Start of MATERIAL FOR THE TASK

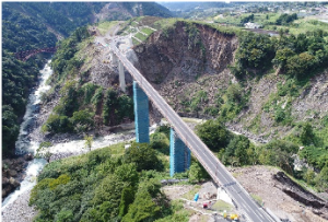 | 工事概要 | 2016年4月に発生した熊本地震の災害復旧工事で、応急復旧工事を2017年8月に完了させ、 阿蘇長陽大橋、戸下大橋の2橋が位置する長陽大橋ルート(村道栃の木立野線)を 同月27日に開通させた。長陽大橋は、支承・伸縮取替、上下部炭素繊維シート等による 補修・補強、P3橋脚充填、戸下大橋は、斜面崩落により損傷した2径間の主桁取替工事、 全線の付属物取替工事を行った。夜間工事や作業日、施工時間の調整等を行い、 他業者とも協力し施工することで早期開通に努めた。 |
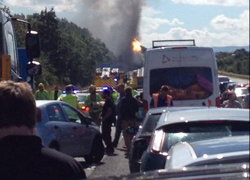 M56 fire gas tanker has gone up, don't think I'll go any closer pic.twitter.com/2UD4Cz1oid
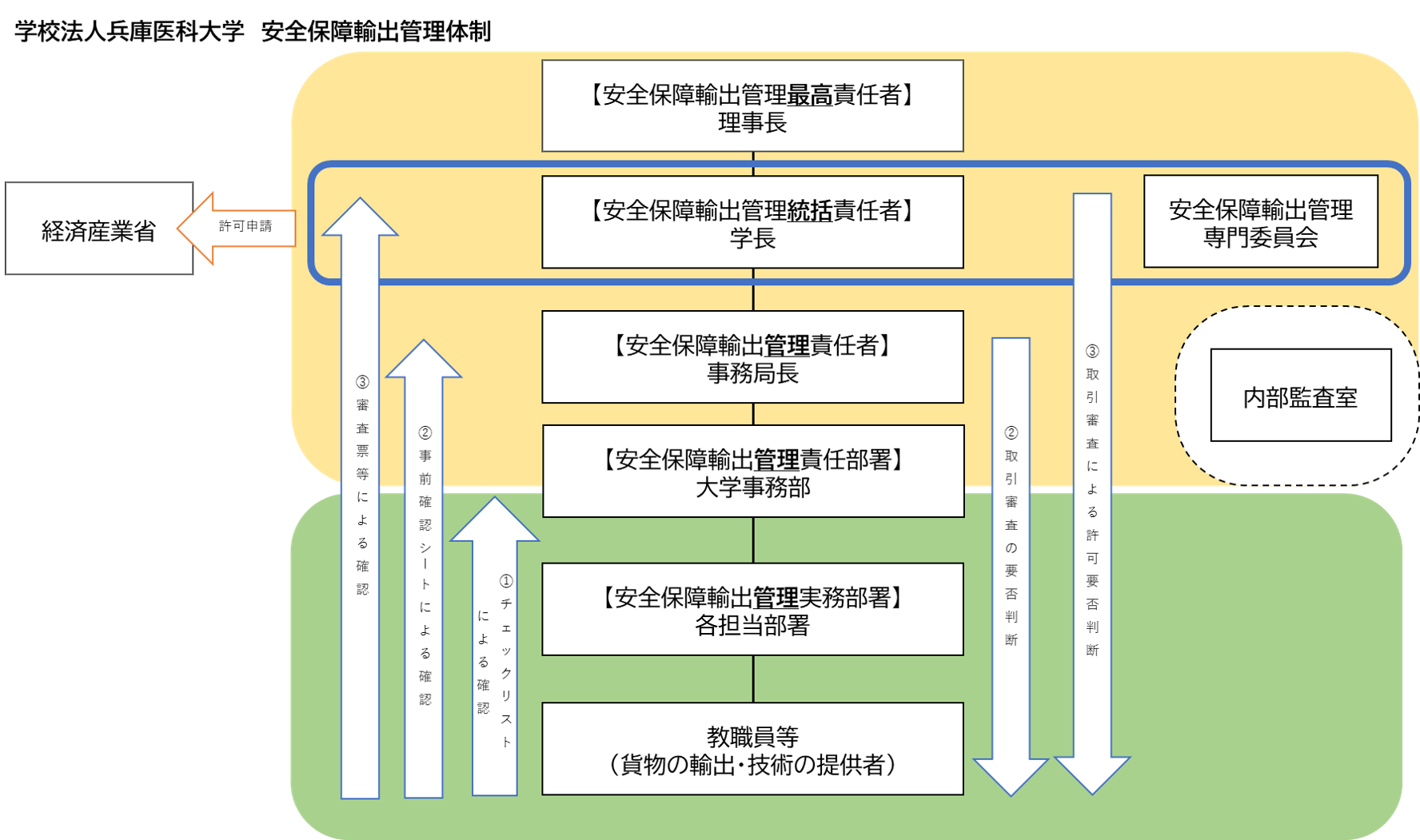 「学校法人兵庫医科大学安全保障輸出管理規程」を制定の上、体制を整備し、海外の研究機関・企業等との共同研究・受託研究、海外出張や海外からの留学生・研究員等受入の際には、別途定める「チェックリスト」による確認を行い、必要に応じて「事前確認シート」による確認や取引審査を行います。
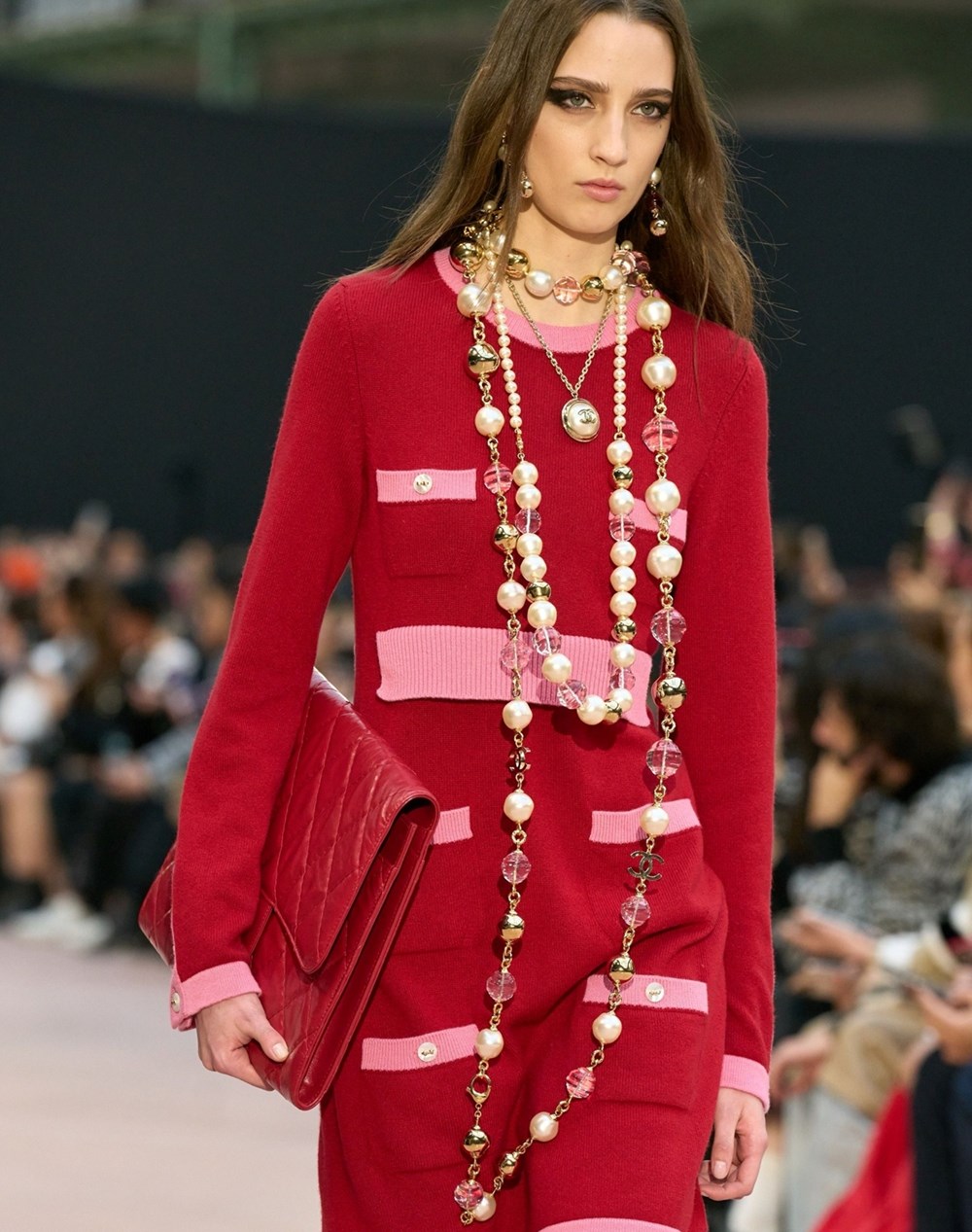 - في عروض خريف 2025، قدمت علامات، مثل: فاكيرا (Vaquera)، وجيفنشي (Givenchy)، تصاميم مذهلة مزدانة باللؤلؤ الضخم، منها: عقود، وحقائب، وأكمام مطرّزة، كأنها صنعت لتُلفت النظر. أما سيمون روشا (Simone Rocha)، فأتقنت إضفاء لمسات أنثوية على التفاصيل، وأضافت اللآلئ على الياقات، وأشرطة الحقائب، لتُظهر جمالكِ بدقّة خفية.
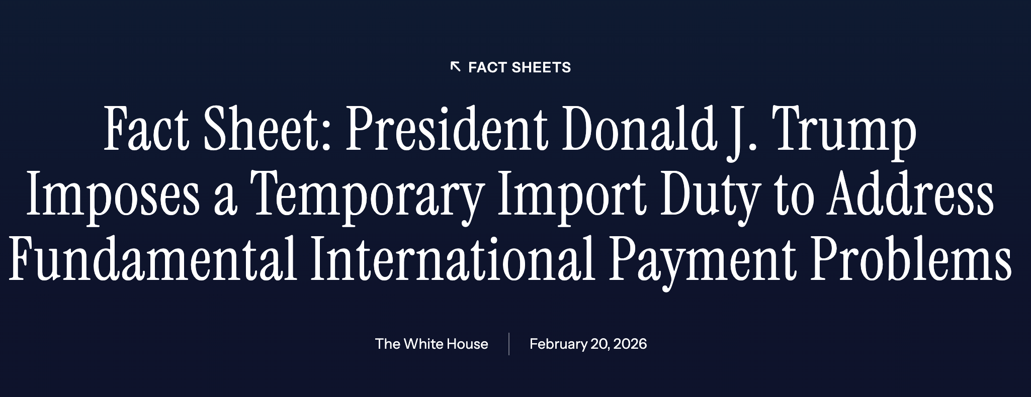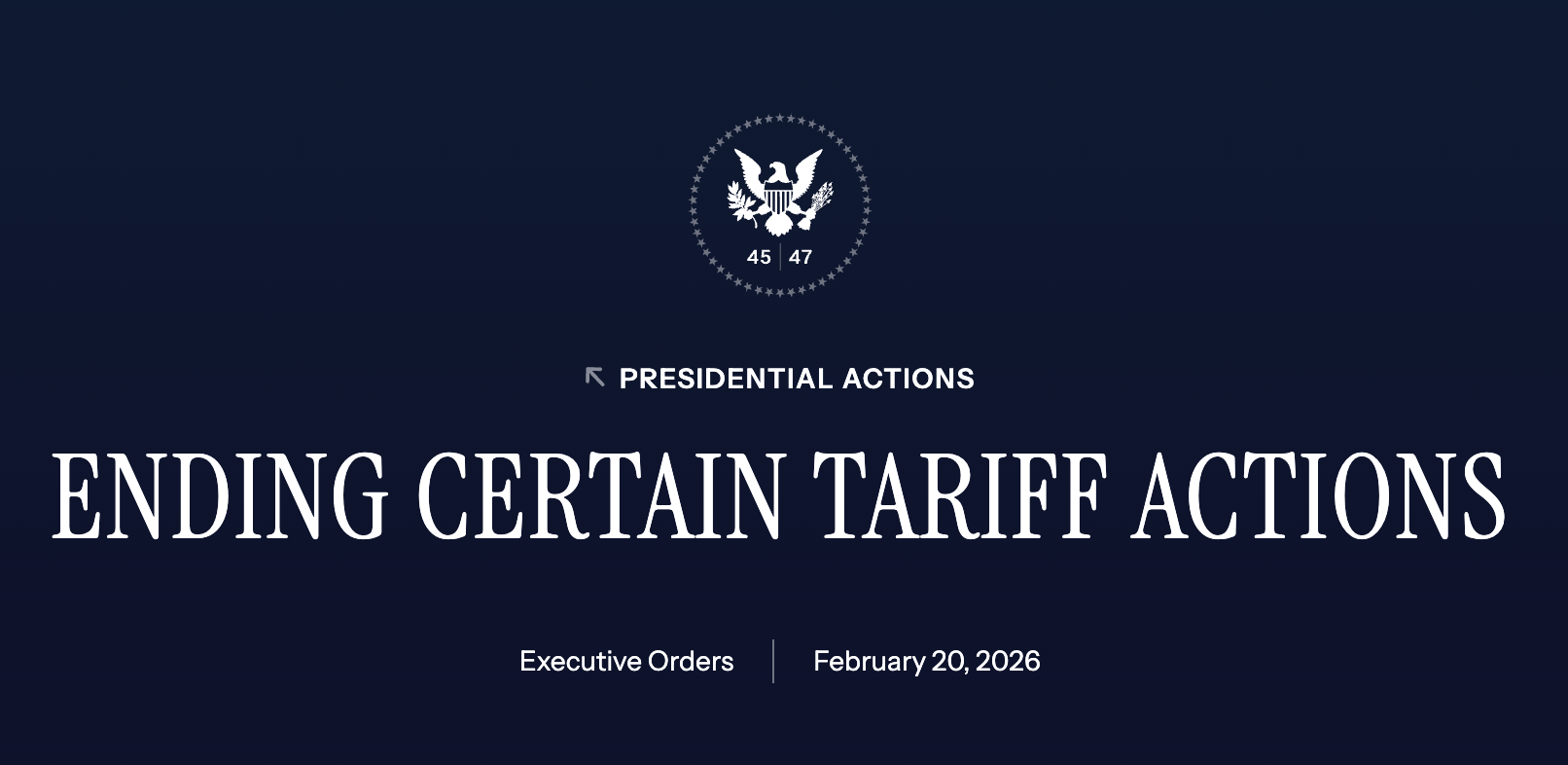 白宫官网发布两项特朗普签署的行政令,一项确认政府原先援引IEEPA推动的相关关税将被“终止”,另一项确认在未来150天内对全球输美商品加征10%的关税,同时启动“301调查”。
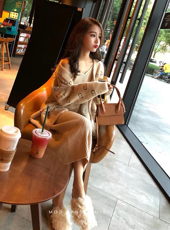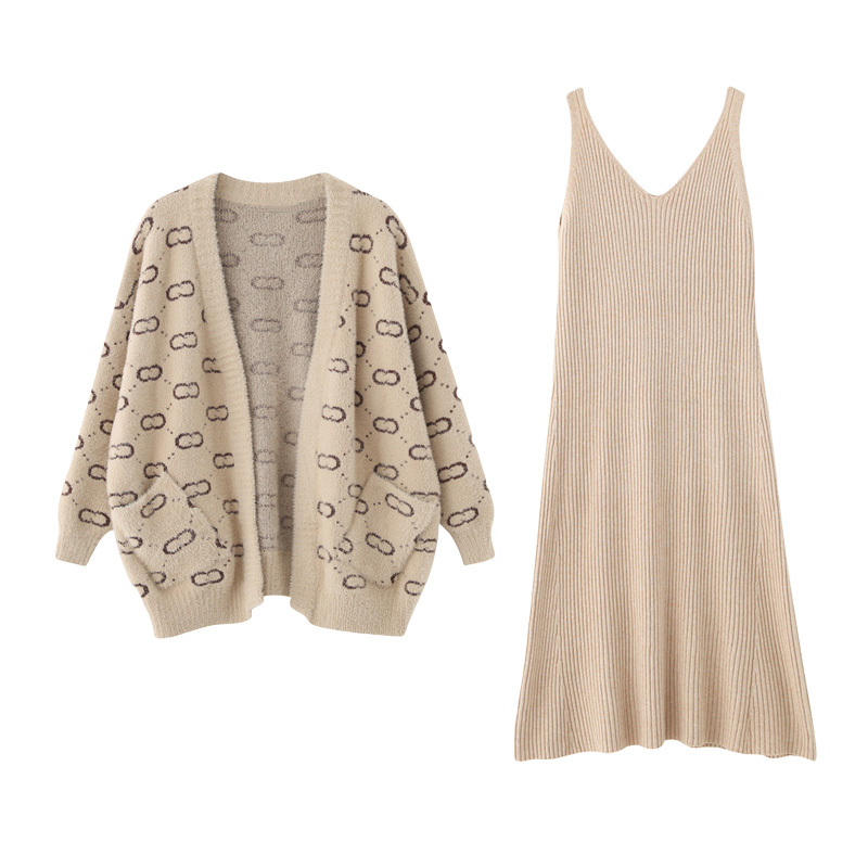 Cardigan Slip dress One-piece knitted cardigan sweater One-piece slip dress
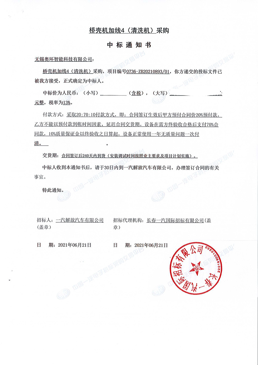日前,我司中標一汽解放汽車有限公司橋殼機加線4(清洗機)項目,該項目服務于一汽解放傳動事業部重型換代橋技術升級。
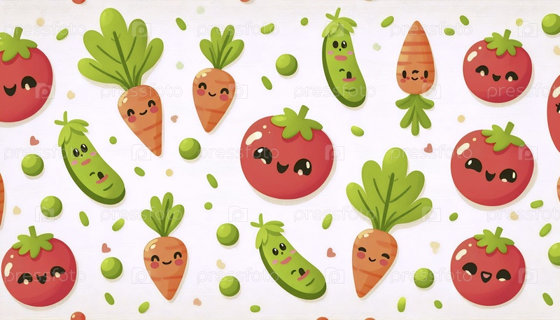 Образец садового сада фруктов и овощей kawaii для кухонного инвентаря, Ai generated image
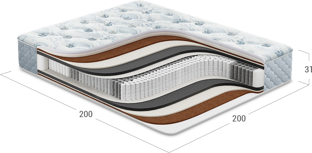 Матрас, в основу которого положен независимый пружинный блок (НПБ). Обратите внимание: чем большее количество пружин приходится на спальное место, тем точнее оказывается поддержка спины, а значит, более комфортным становится матрас и Ваш сон.
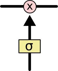 这两个图可以对应起来看,下图中心的$c_t$即cell,从下方输入($h_{t−1}$,$x_t$)到输出$h_t$的一条线即为$cell\ $$state$,$f_t$,$i_t$,$o_t$分别为遗忘门、输入门、输出门,用sigmoid层表示。上图中的两个$\tanh$层则分别对应cell的输入与输出。LSTM可以通过门控单元可以对cell添加和删除信息。通过门可以有选择地决定信息是否通过,它有一个sigmoid神经网络层和一个成对乘法操作组成,如下:
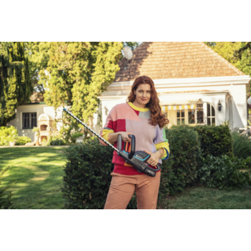 Snoerloos, handig, licht en gebruiksvriendelijk: met de GARDENA accu-heggenschaar ComfortCut 50 / 18V P4A snoeit u middelgrote heggen zonder al te veel moeite. De meegeleverde accu heeft een looptijd van maximaal 45 minuten of tot 150 vierkante meter heg. Dankzij een duidelijk zichtbare LED-indicator direct op het gereedschap bent u altijd op de hoogte van het actuele laadniveau. U weet dus wanneer het tijd is om een ¿¿pauze te nemen om hem op te laden of een andere accu aan te sluiten. Met zijn ErgoLine-handgreep met geïntegreerde schakelaar ligt de schaar met een bladlengte van 50 centimeter altijd comfortabel in de hand, in welke positie u ook werkt. Bij het knippen vlak bij de grond of langs muren, biedt de stootbescherming aan het uiteinde van het lemmet zorgt ervoor dat de lemmeten niet beschadigd raken. De bladgeometrie is perfect ontworpen zodat de snede altijd zuiver is en het werk gemakkelijk uit te voeren is - zonder onderbrekingen. We weten dat u onder de indruk zult zijn van de resultaten! Met de ComfortCut is het snoeien van heggen niet langer een vermoeiend, inspannend karwei, maar een dat in een mum van tijd kan worden gedaan. De GARDENA Accu-heggenschaar ComfortCut 50 / 18V P4A wordt geleverd als een gebruiksklare set met een oplader en een 18V POWER FOR ALL-accu. De POWER FOR ALL ALLIANCE is een van de grootste merkoverschrijdende accu-allianties van toonaangevende fabrikanten. De accu is daarom compatibel met tal van andere gereedschappen in huis en tuin - wat betekent dat u er niet meer voor elk product een hoeft te kopen. U bespaart geld en blijft te allen tijde flexibel! Passion powered by GARDENA - Tuingereedschap op accu dat u de vrijheid geeft om te creëren.
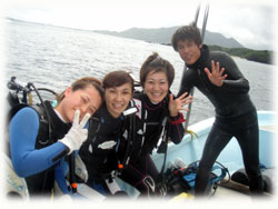 今日も賑やか〜〜。きのうに引き続きのカナさん、ノリコさん。そしてチカちゃんが加わりカシマシ3人組揃いました。。チカちゃんは、去年10月以来のお越しでーすそして、地元のリュータローさん。極寒の1月以来です。珍しく風邪気味だそう・・・潜れるのか〜?? そして、お会いするのは2月の大阪ばなな会以来、潜られるのは、去年の9月以来のヤマオカガクさん。実は先月、双子のお兄さんのツヨシさんが来て下さったばかり・・。同じ顔に同じ声・・。でも、お久しぶりなのは、不思議〜な感覚デス。潜りたくてワクワクのガクさん。楽しんで欲しいです。台風の影響で、うねりが心配ですが、以前からずっとずっとリクエストされている御神崎へ向かってみました〜。
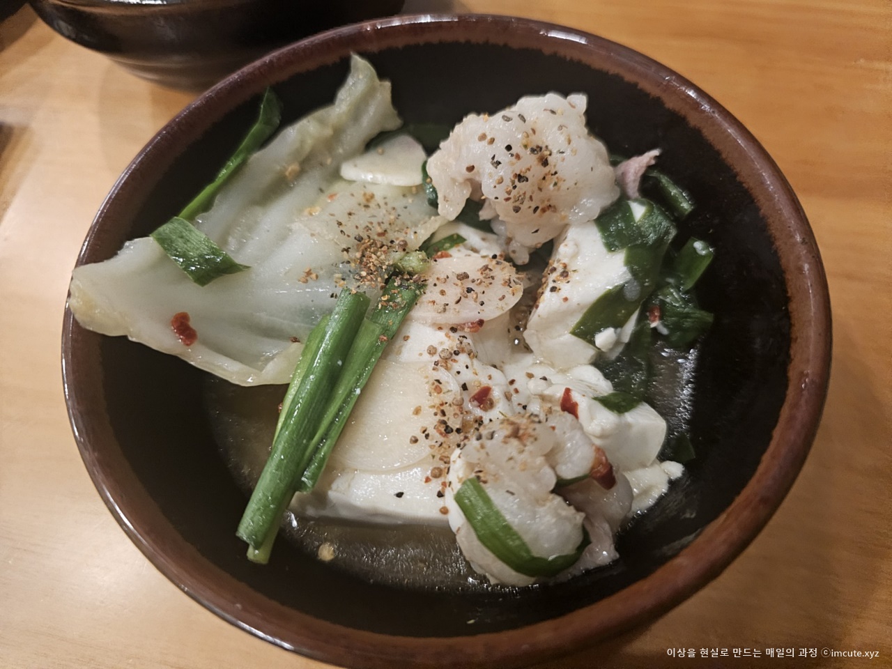 곱창은 느끼하다는 편견이 있는데 정말 담백합니다. 돈주고 사먹을 가치가 있는 모츠나베 만족코스!
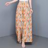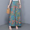 Sommerhose mit weitem Bein für Damen, hohe Taille, Vintage-Kleidung, Übergröße, lockere Freizeithose mit elastischem Bund
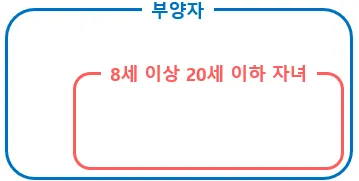 ‘부양자’가 더 큰 범위로 전체라고 이해하면되고, 그 안에 ‘8세 이상 20세 이하 자녀’가 있다는 개념
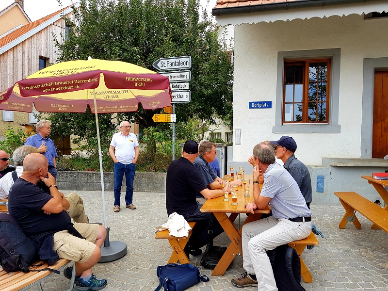 Weiter geht es ins Dorf Nuglar, wo wir uns aufteilen. Meine Gruppe besucht zuerst das Milchhüsli in welchem sich die Brauerei Herrenberg befindet. 2008 haben sich einige Biergeniesser zusammengetan und die Brauerei als Genossenschaft gegründet. Zuerst wurde in einer Garage gebraut, dann konnten sie das Milchhüsli mieten und haben es zur Brauerei umgebaut. Gebraut werden verschiedene Biere wie der ‘Chämifäger’ (dunkel), das ‘Muni Spez’ (helles Lager), das ‘Bintel Alt’ (Amberbier) oder das ‘Chirsi Bier’ (mit Kirschen aus Nuglar). Muni? Bintel? Das sind alles Flurnamen des Dorfes. Wir dürfen einige der Biere verkosten, welche sehr schmackig sind und erhalten dazu Informationen zur Brauerei.
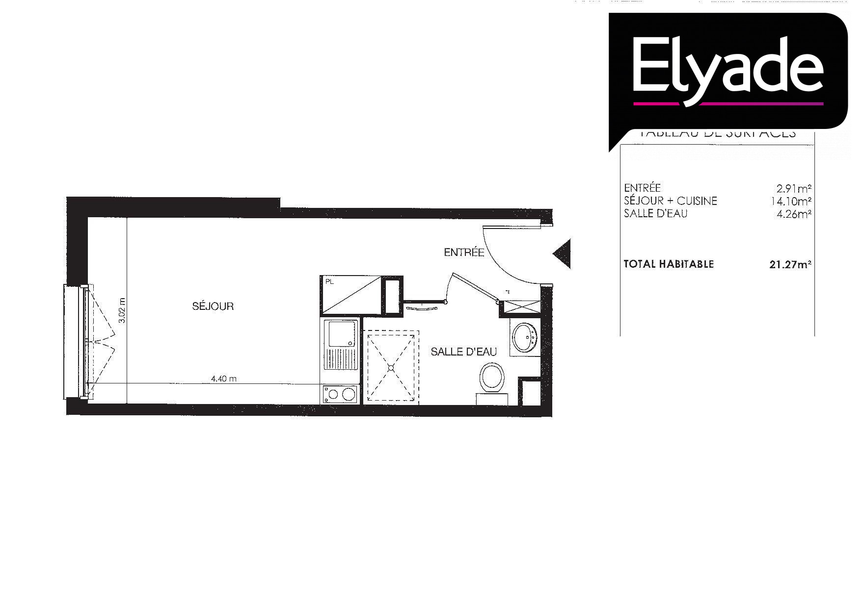 Situé au deuxième étage. il offre une surface habitable de 21,27 m² répartie sur une pièce de vie lumineuse exposée Ouest avec cuisine équipée et d'une salle d'eau.
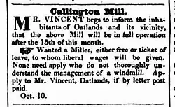 - “THE Callington Mill, in the township of Oatlands, considered one of the first rate windmills in the country, and surpassed by none in its situation for business. Fitted up with two pair of good stones, (French burrs,) dressing and smut machines; together with a very respectable dwelling house, attached to which is a counting house and small store, washhouse and servants' bedroom. On the premises is a good granary, stable, chaise and cart houses, with piggeries and fowl house, and about two acres of garden ground in cultivation.

End of MATERIAL FOR THE TASK

#### GOAL OF THE EXERCISE:
Leaving out all pictures, set down exactly the lines of the material above, from the line with "白宫官网发布两项特朗普签署的" to the line with "这两个图可以对应起来看,下图" inclusive, and no others.

#### EXPECTED OUTPUT:
 白宫官网发布两项特朗普签署的行政令,一项确认政府原先援引IEEPA推动的相关关税将被“终止”,另一项确认在未来150天内对全球输美商品加征10%的关税,同时启动“301调查”。
 Cardigan Slip dress One-piece knitted cardigan sweater One-piece slip dress
日前,我司中標一汽解放汽車有限公司橋殼機加線4(清洗機)項目,該項目服務于一汽解放傳動事業部重型換代橋技術升級。
 Образец садового сада фруктов и овощей kawaii для кухонного инвентаря, Ai generated image
 Матрас, в основу которого положен независимый пружинный блок (НПБ). Обратите внимание: чем большее количество пружин приходится на спальное место, тем точнее оказывается поддержка спины, а значит, более комфортным становится матрас и Ваш сон.
 这两个图可以对应起来看,下图中心的$c_t$即cell,从下方输入($h_{t−1}$,$x_t$)到输出$h_t$的一条线即为$cell\ $$state$,$f_t$,$i_t$,$o_t$分别为遗忘门、输入门、输出门,用sigmoid层表示。上图中的两个$\tanh$层则分别对应cell的输入与输出。LSTM可以通过门控单元可以对cell添加和删除信息。通过门可以有选择地决定信息是否通过,它有一个sigmoid神经网络层和一个成对乘法操作组成,如下:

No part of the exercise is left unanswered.